Why is software development sped relative to changes in business conditions? Are you arguing that the business world is more serial than the software development world [and therefore harder to speed up](http://en.wikipedia.org/wik... Why is the business world harder to parallelize?
> There would be little interest in tools and methods specialized to be useful “for dummies.”
To a first approximation these tools and methods do not exist.
Software design patterns are not used to prevent bad programmers from making mistakes.

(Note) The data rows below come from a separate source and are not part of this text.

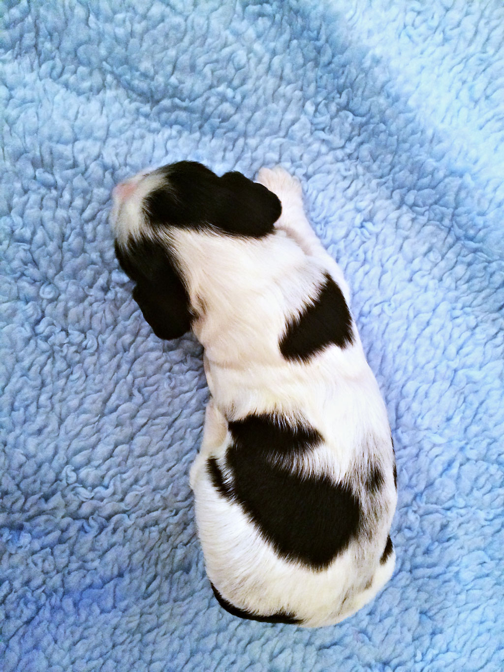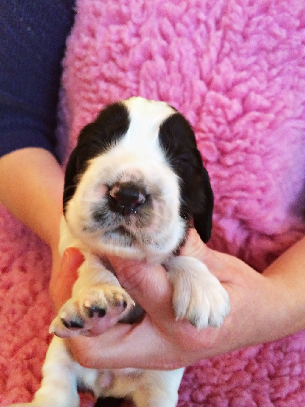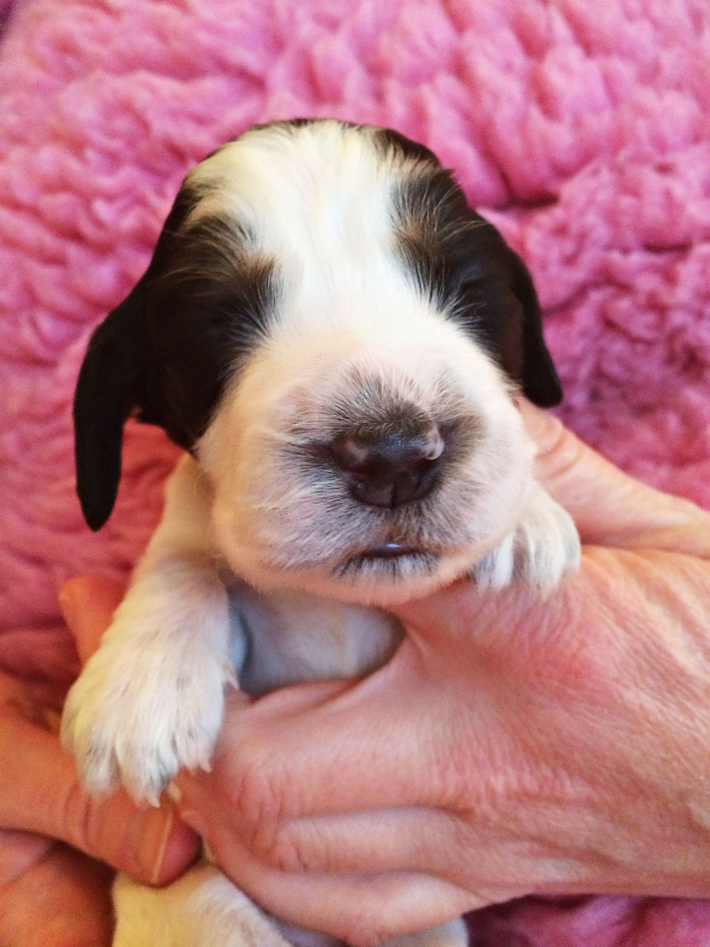 To uker har gått siden disse åtte hjerteknuserne ble født. Tiden har gått utrolig fort! Nå har to av valpene, Adira og Ace, begynt å få øyne. Synet er ikke utviklet enda, det utvikles gradvis i dagene og ukene som kommer. Alle valpene stabber nå rundt i valpekassa, men det går ikke lange stunden før de faller i søvn igjen. Vektutviklingen er fin, alle har fordoblet fødselsvekten sin og er friske og raske. Herlig! 🙂 De har fått ormekur, og jeg har klipt klørne deres to ganger allerede. Kloklipp må til, for de har skarpe små klær som kan irritere juret når de dier.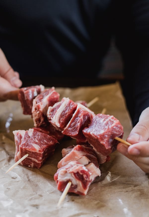 - 2 Pounds top sirloin steak cut into 1-inch cubes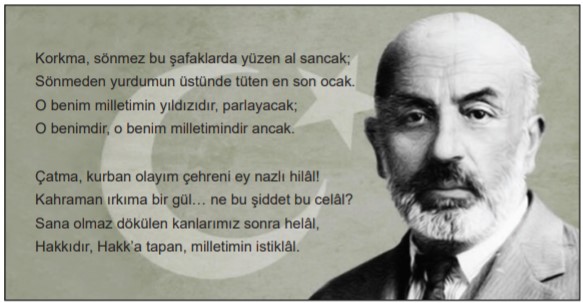Ruhumun senden İlâhî, şudur ancak emeli:Değmesin mabedimin göğsüne nâmahrem eli!Bu ezanlar ki şehâdetleri dinin temeliEbedî yurdumun üstünde benim inlemeli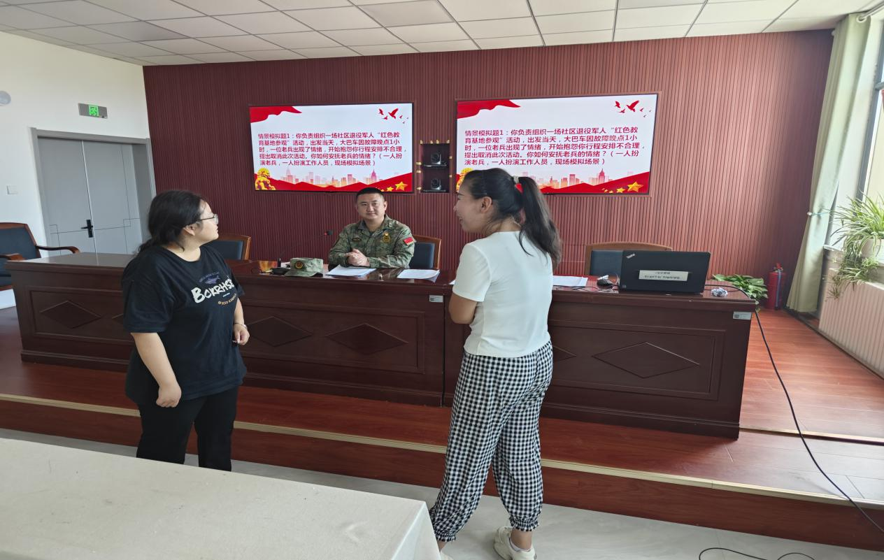 本次比拼围绕退役军人政策法规、优抚优待、就业创业、权益维护、困难帮扶等核心业务知识设置题目,分为闭卷考试、简答题、情景模拟题三个环节,14名参赛选手精神饱满、沉着应答,充分展现了扎实的业务功底和团队协作能力。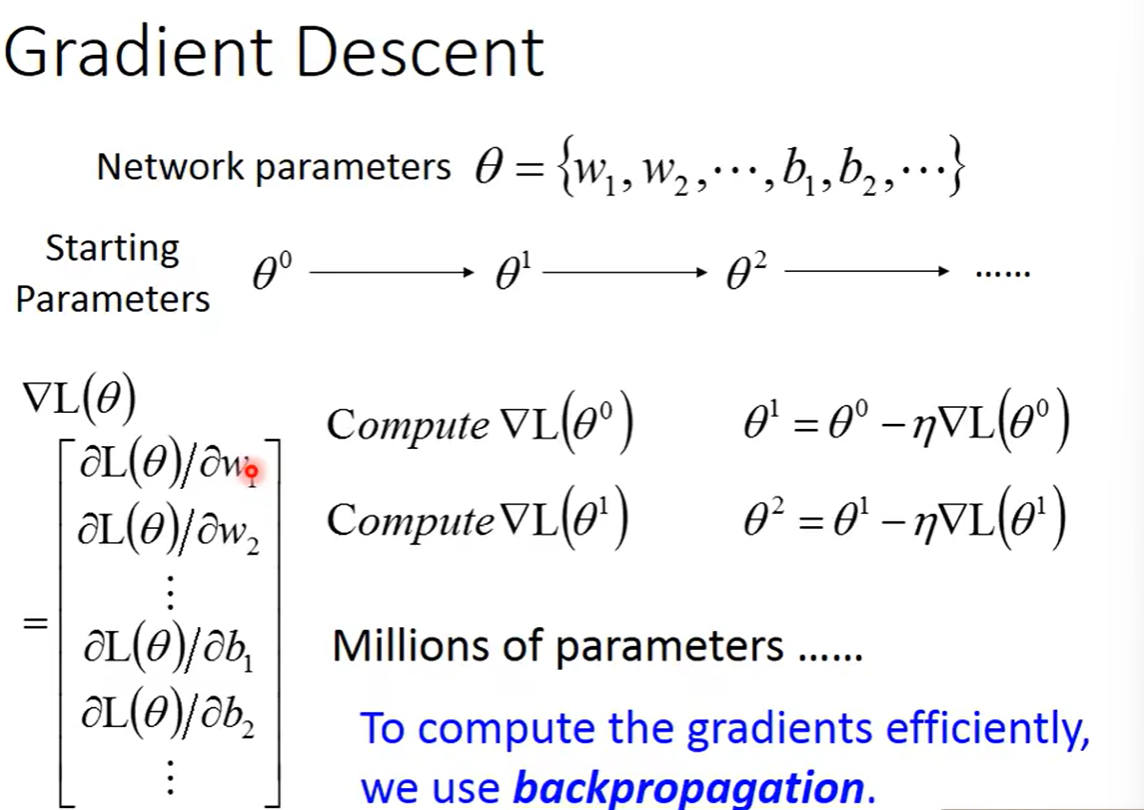 传统的梯度下降的方法,是将所有的参数写在一个θ向量里面,在这个向量里面的参数分别求偏导数,之后再对θ向量进行更新。但是如果在神经网络中,会有很多层,每一层对应也会有很多个参数,于是会让θ向量变得非常长,而我们要做的是如何有效的将这个百万维的参数向量计算出来,而这个就是反向传播在做的事情,他并不是一个和梯度下降不同的计算的方法,他就是梯度下降的方法,只是效率较高,可以更加有效率的把梯度下降需要变化的变量计算出来

Software design patterns are used to prevent *all* programmers from making mistakes.
Writing large pieces of software involves computational problems that are genuinely difficult. Tools like abstraction aren't just crutches for non-geniuses; they reduce the complexity of the problem for all programmers. Thus even a community of brilliant em programmers will continue to rely on them. Programmer ability gains will be largely allocated towards making more powerful or complicated software rather than towards reducing reliance on design patterns.
I also question the implicit assumption that ems will make us better at writing software faster than they make us better at inventing faster hardware.
"What kind of computing project would be undermined rather than aided by improved* iron under it?"
The software may need to be rewritten to compete against other programs that use the improved hardware. If the rewriting process is too slow, the hardware could improve fast enough that the software just keeps lagging farther and farther behind.
I hear that Duke Nukem Forever had a version of this problem.
The relationship between elements doesn't matter if you accelerate them all by the same amount.